_What is being asked:_
Down to the last line, set down the material below exactly; skip the pictures.

_Data section:_
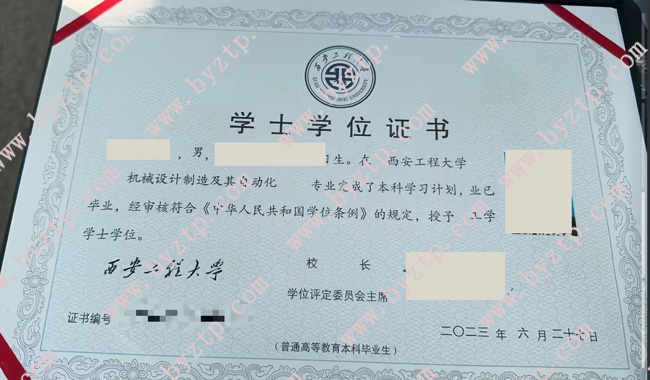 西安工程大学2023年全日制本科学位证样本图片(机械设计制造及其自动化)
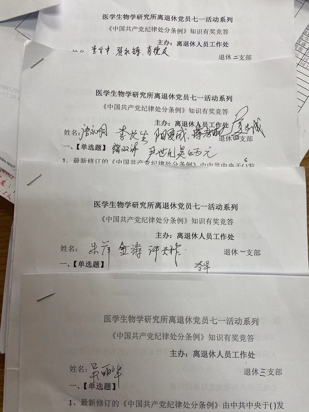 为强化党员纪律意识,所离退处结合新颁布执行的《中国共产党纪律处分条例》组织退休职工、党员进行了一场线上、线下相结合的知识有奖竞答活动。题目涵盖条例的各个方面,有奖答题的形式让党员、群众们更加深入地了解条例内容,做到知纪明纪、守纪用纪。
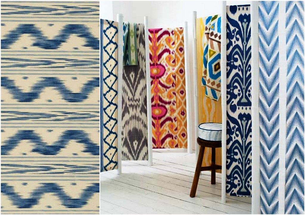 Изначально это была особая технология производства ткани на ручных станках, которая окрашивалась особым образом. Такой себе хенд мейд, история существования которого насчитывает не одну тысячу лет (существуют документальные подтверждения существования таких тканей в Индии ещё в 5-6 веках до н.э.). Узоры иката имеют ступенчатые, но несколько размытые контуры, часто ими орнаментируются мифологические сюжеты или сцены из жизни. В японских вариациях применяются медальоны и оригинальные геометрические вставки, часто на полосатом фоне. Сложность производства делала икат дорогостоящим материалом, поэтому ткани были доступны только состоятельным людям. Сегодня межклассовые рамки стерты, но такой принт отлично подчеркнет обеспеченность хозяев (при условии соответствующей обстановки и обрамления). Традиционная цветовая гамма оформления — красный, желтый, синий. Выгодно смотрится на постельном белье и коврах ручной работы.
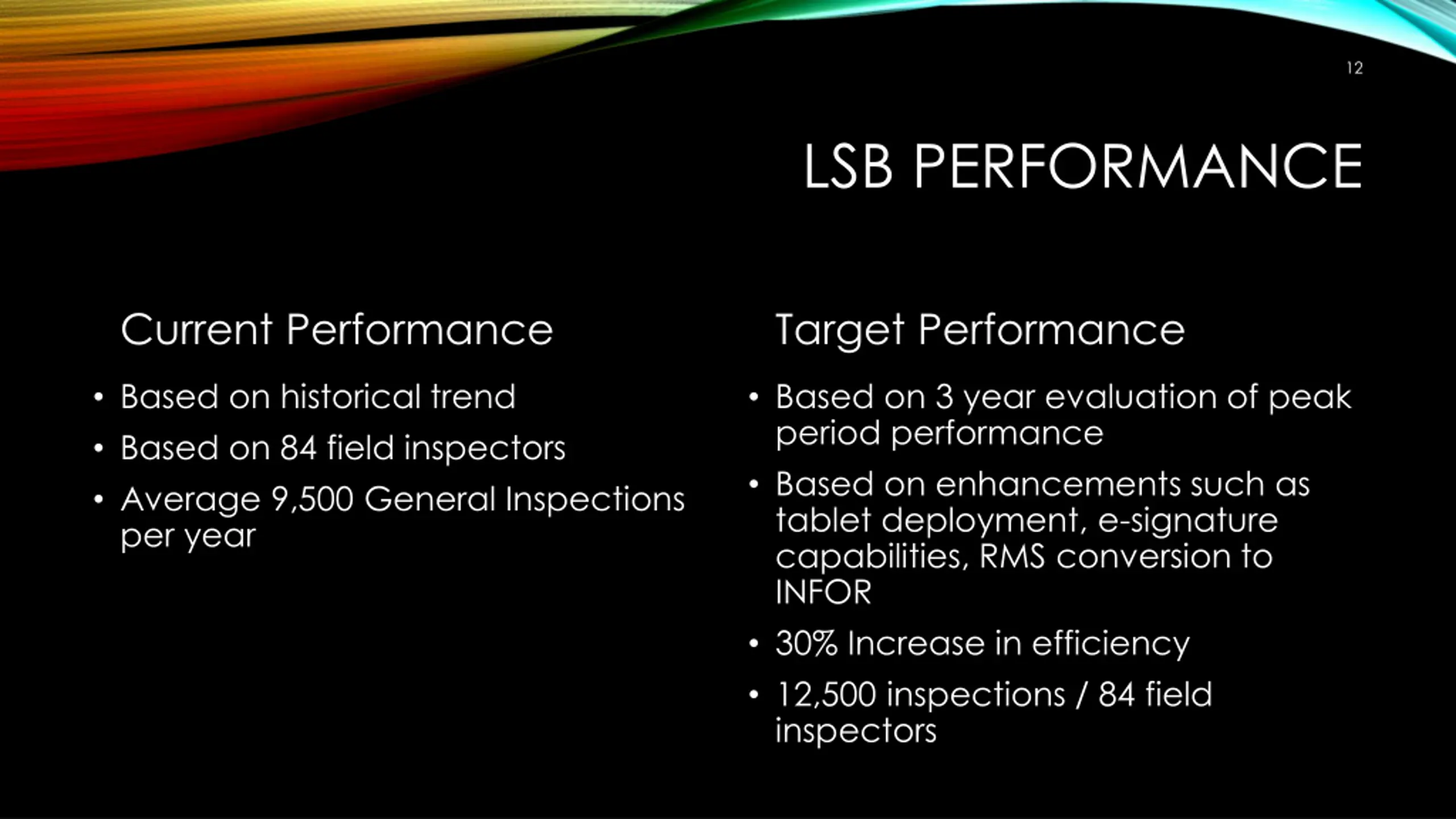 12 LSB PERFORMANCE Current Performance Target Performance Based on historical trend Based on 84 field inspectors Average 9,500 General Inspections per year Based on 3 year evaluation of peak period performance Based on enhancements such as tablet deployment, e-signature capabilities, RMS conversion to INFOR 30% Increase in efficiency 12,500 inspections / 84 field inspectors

_Your response:_
 西安工程大学2023年全日制本科学位证样本图片(机械设计制造及其自动化)
 为强化党员纪律意识,所离退处结合新颁布执行的《中国共产党纪律处分条例》组织退休职工、党员进行了一场线上、线下相结合的知识有奖竞答活动。题目涵盖条例的各个方面,有奖答题的形式让党员、群众们更加深入地了解条例内容,做到知纪明纪、守纪用纪。
 Изначально это была особая технология производства ткани на ручных станках, которая окрашивалась особым образом. Такой себе хенд мейд, история существования которого насчитывает не одну тысячу лет (существуют документальные подтверждения существования таких тканей в Индии ещё в 5-6 веках до н.э.). Узоры иката имеют ступенчатые, но несколько размытые контуры, часто ими орнаментируются мифологические сюжеты или сцены из жизни. В японских вариациях применяются медальоны и оригинальные геометрические вставки, часто на полосатом фоне. Сложность производства делала икат дорогостоящим материалом, поэтому ткани были доступны только состоятельным людям. Сегодня межклассовые рамки стерты, но такой принт отлично подчеркнет обеспеченность хозяев (при условии соответствующей обстановки и обрамления). Традиционная цветовая гамма оформления — красный, желтый, синий. Выгодно смотрится на постельном белье и коврах ручной работы.
 12 LSB PERFORMANCE Current Performance Target Performance Based on historical trend Based on 84 field inspectors Average 9,500 General Inspections per year Based on 3 year evaluation of peak period performance Based on enhancements such as tablet deployment, e-signature capabilities, RMS conversion to INFOR 30% Increase in efficiency 12,500 inspections / 84 field inspectors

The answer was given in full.